▶ [What the exercise asks]: Below are records to print word for word; include none of their pictures.

▶ [Information]:
┏━━

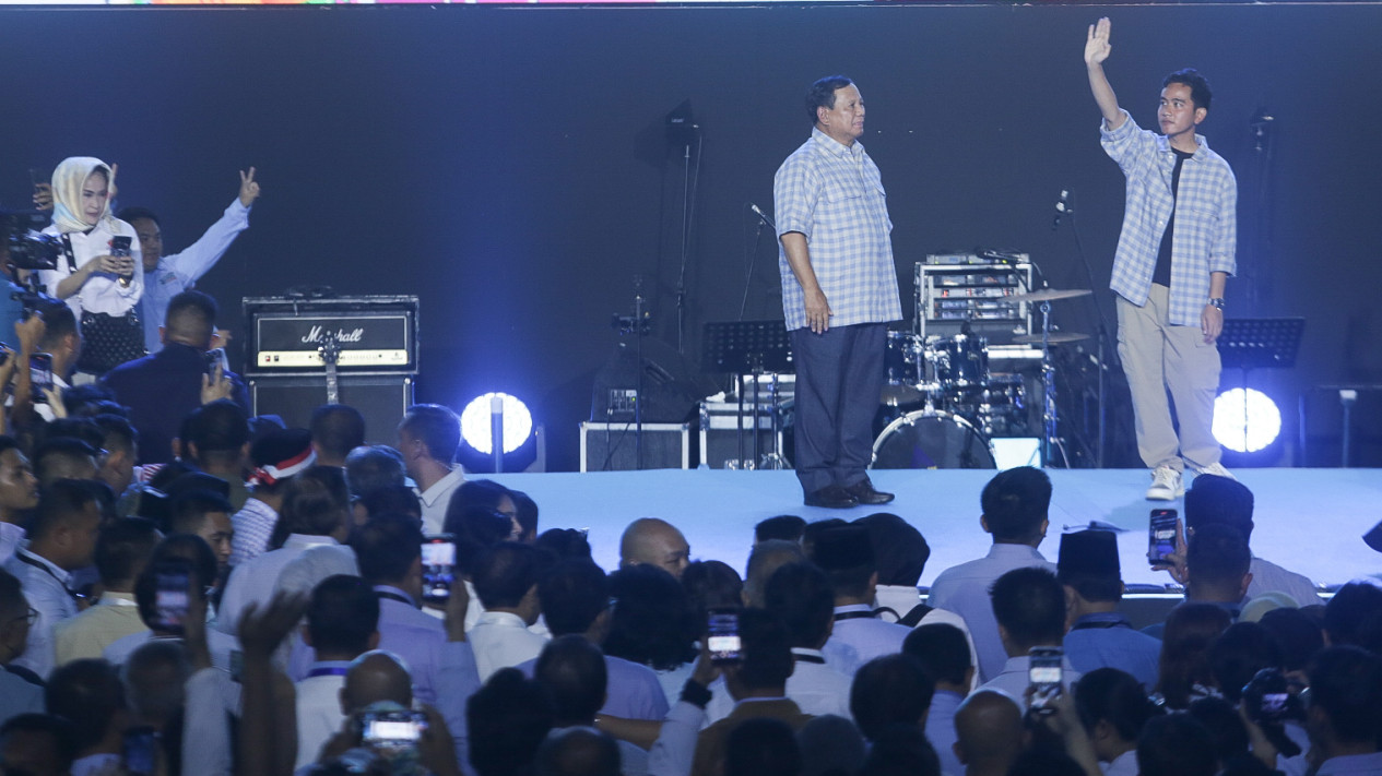 Jakarta - Barisan relawan pendukung Prabowo Subianto-Gibran Rakabuming Raka yang tergabung dalam Massa Prabowo menggelar syukuran atas kemenangan duet nomor urut 02 itu memenangi Pilpres 2024. Apalagi, pasangan Prabowo-Gibran menang dalam satu putaran.
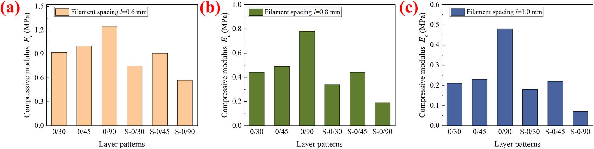 Effect of layered configurations on the E c of porous PDMS fabricated by 3D printing with filament spacings of (a) 0.6, (b) 0.8, and (c) 1.0 mm.
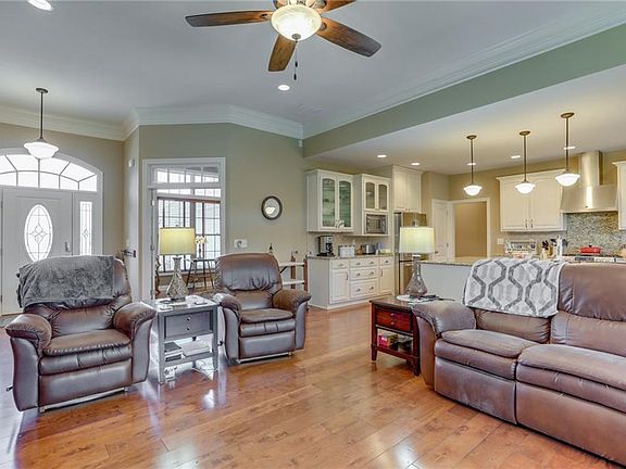 True craftsmanship is evident throughout this 2011 all-brick, custom ranch home! Hardwood floors throughout Foyer, Den, open Great room (w/gas fireplace), Dining, & gourmet Kitchen (boasting lg center island, farmhouse sink, granite counters, gas range w/elec dbl oven, ss hood, built-in microwave & tons of storage in white 42" cabinets & pantry)! Master suite has generous wi closet & private bath featuring wi tiled shower & raised dbl vanity. There are 2 more spacious bedrooms & another full bath w/dbl vanity & tub/shower. You'll also enjoy the 3-car garage, front & back irrigation, security system w/high def cameras, front & back covered porches plus stamped concrete patio w/built-in firepit (gas or wood burning) & gorgeous landscaping!
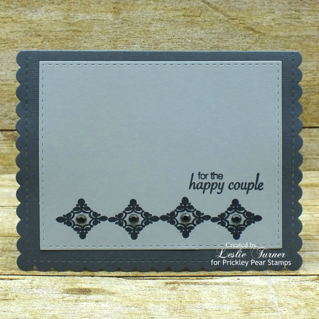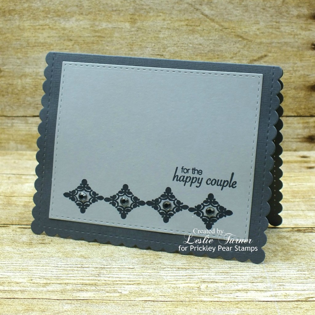 Mornin’ peeps! It’s Fri-YAY and I’ve popped in this morning to share another sample I created for the Prickley Pear Stamps Hochanda show early last month. I’m finally winding down with the Hochanda samples… I have one more to share later today and I’ll be done for this go-round. This was quite an undertaking and I’m so proud to have been asked to do it! I created this pretty CAS wedding card in shades of gray using the Scalloped Oval and Scalloped Oval 4-Floral stamp sets.
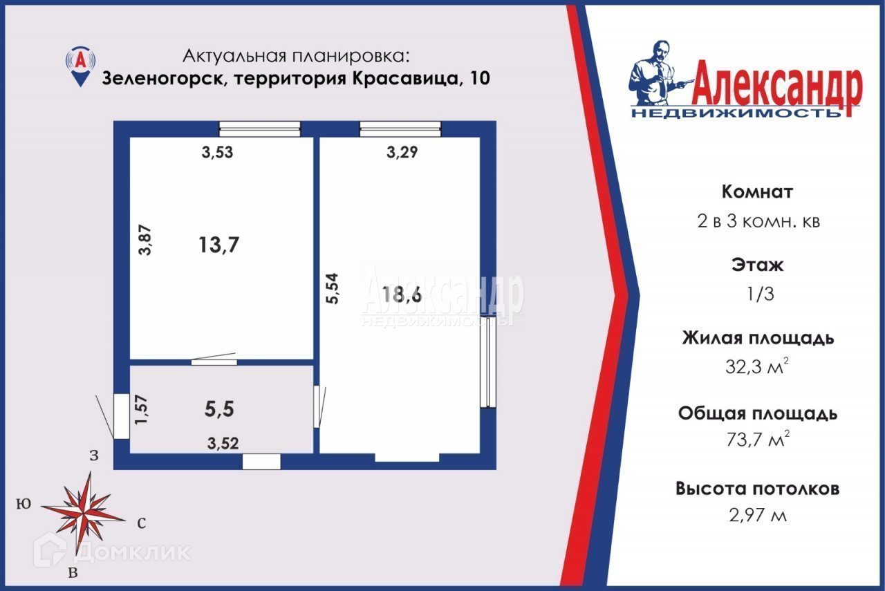 Жилая площадь 32.3 м2
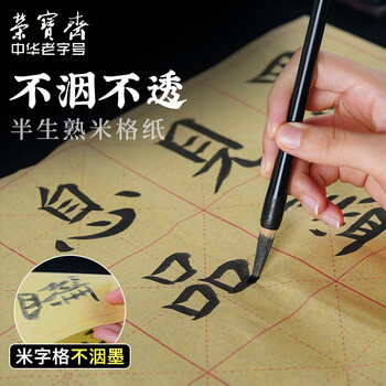 荣宝斋 米字格宣纸毛边纸 日星宣纸半生熟仿古书法专用练习作品 初学者毛笔字帖 竹浆纸6*60格/70张
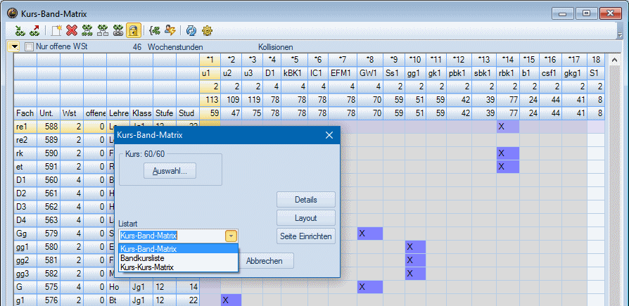 Grün gekennzeichnet und aktiviert ist in der Kursliste der Kurs LD. Unter der Kursliste sind die drei 2-stündigen Bänder mit LD aufgeführt, dabei ist das MWO-Band, erkenntlich an der Periodenbezeichnung [AB]. In der Kollisionszählerspalte sind diese drei Bänder für die nebenstehende Bändertabelle gekennzeichnet.
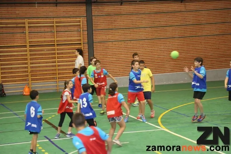 El campus del Balonmano Zamora, repleto de niños que quieren disfrutar de este deporte durante el verano, muchos de ellos canteranos del club pero otros sólo interesados en conocer este deporte, está llenando el Manuel Camba después de que los organizadores se vieran desbordados de peticiones de niños que querían disfrutar de este campus.
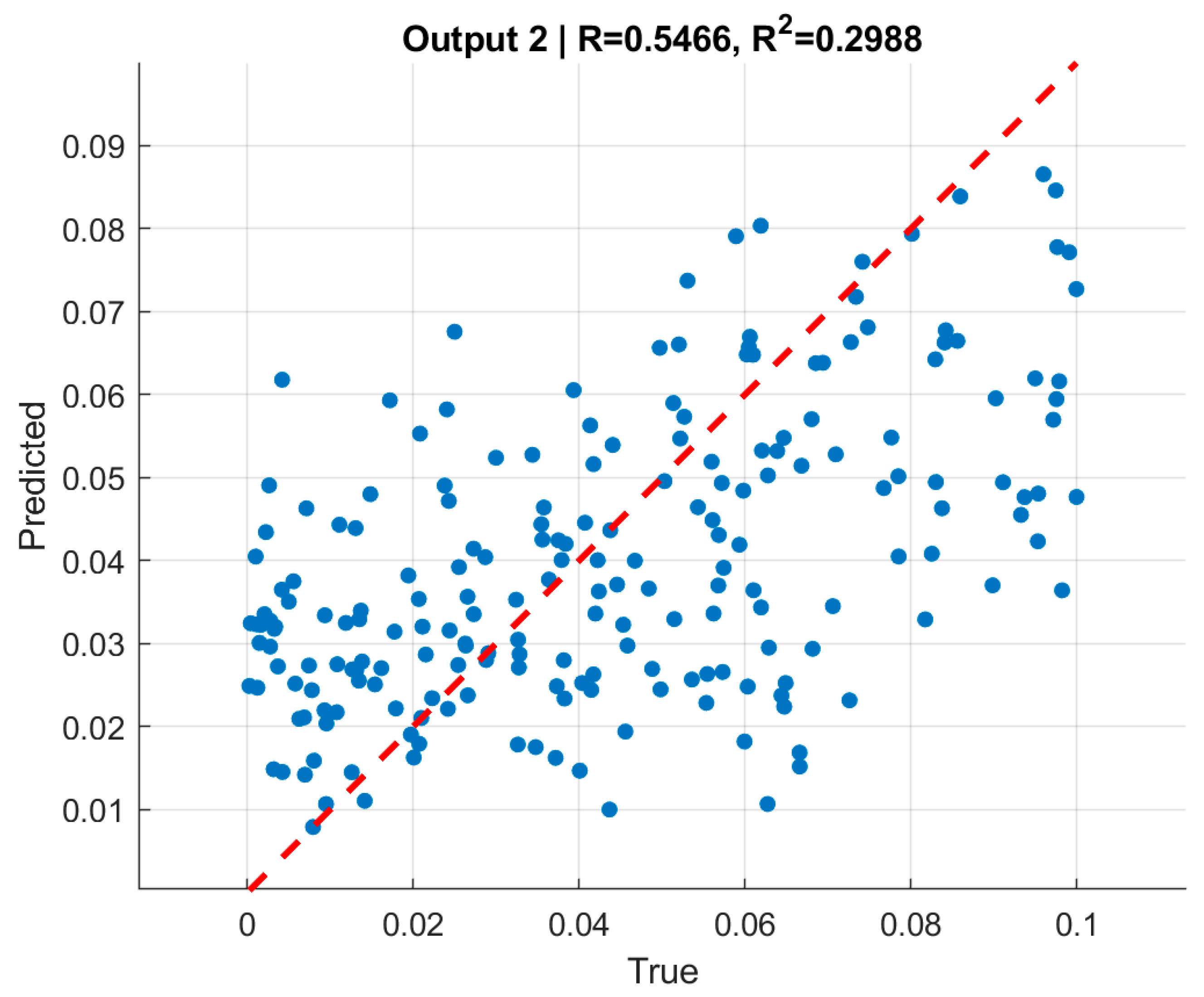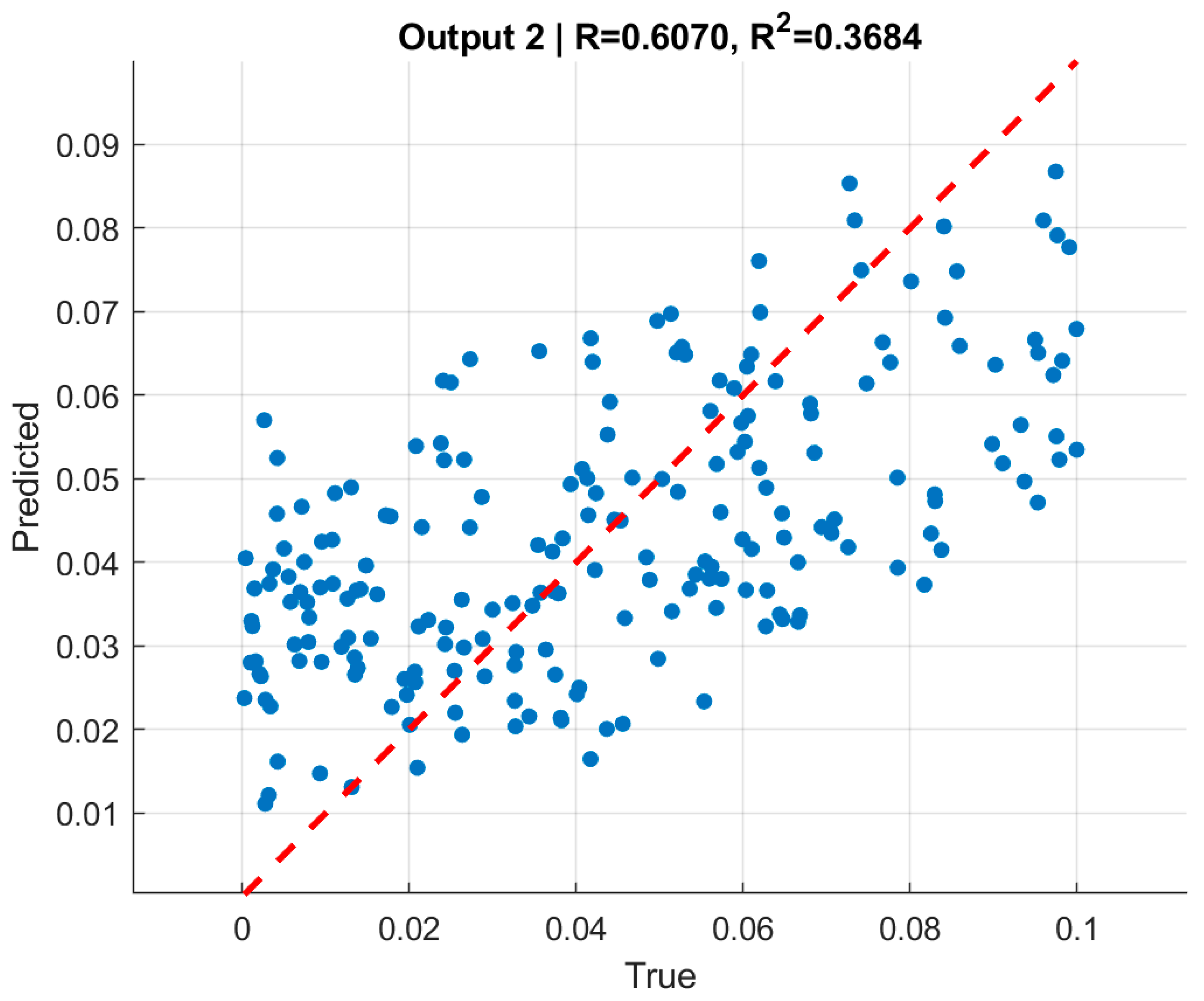 Table 8. On the validation set, the RMSE values were 0.028–0.032 for the two outputs, with corresponding R

┗━━

▶ [Reply]:
 Jakarta - Barisan relawan pendukung Prabowo Subianto-Gibran Rakabuming Raka yang tergabung dalam Massa Prabowo menggelar syukuran atas kemenangan duet nomor urut 02 itu memenangi Pilpres 2024. Apalagi, pasangan Prabowo-Gibran menang dalam satu putaran.
 Effect of layered configurations on the E c of porous PDMS fabricated by 3D printing with filament spacings of (a) 0.6, (b) 0.8, and (c) 1.0 mm.
 True craftsmanship is evident throughout this 2011 all-brick, custom ranch home! Hardwood floors throughout Foyer, Den, open Great room (w/gas fireplace), Dining, & gourmet Kitchen (boasting lg center island, farmhouse sink, granite counters, gas range w/elec dbl oven, ss hood, built-in microwave & tons of storage in white 42" cabinets & pantry)! Master suite has generous wi closet & private bath featuring wi tiled shower & raised dbl vanity. There are 2 more spacious bedrooms & another full bath w/dbl vanity & tub/shower. You'll also enjoy the 3-car garage, front & back irrigation, security system w/high def cameras, front & back covered porches plus stamped concrete patio w/built-in firepit (gas or wood burning) & gorgeous landscaping!
 Mornin’ peeps! It’s Fri-YAY and I’ve popped in this morning to share another sample I created for the Prickley Pear Stamps Hochanda show early last month. I’m finally winding down with the Hochanda samples… I have one more to share later today and I’ll be done for this go-round. This was quite an undertaking and I’m so proud to have been asked to do it! I created this pretty CAS wedding card in shades of gray using the Scalloped Oval and Scalloped Oval 4-Floral stamp sets.
 Жилая площадь 32.3 м2
 荣宝斋 米字格宣纸毛边纸 日星宣纸半生熟仿古书法专用练习作品 初学者毛笔字帖 竹浆纸6*60格/70张
 Grün gekennzeichnet und aktiviert ist in der Kursliste der Kurs LD. Unter der Kursliste sind die drei 2-stündigen Bänder mit LD aufgeführt, dabei ist das MWO-Band, erkenntlich an der Periodenbezeichnung [AB]. In der Kollisionszählerspalte sind diese drei Bänder für die nebenstehende Bändertabelle gekennzeichnet.
 El campus del Balonmano Zamora, repleto de niños que quieren disfrutar de este deporte durante el verano, muchos de ellos canteranos del club pero otros sólo interesados en conocer este deporte, está llenando el Manuel Camba después de que los organizadores se vieran desbordados de peticiones de niños que querían disfrutar de este campus.
 Table 8. On the validation set, the RMSE values were 0.028–0.032 for the two outputs, with corresponding R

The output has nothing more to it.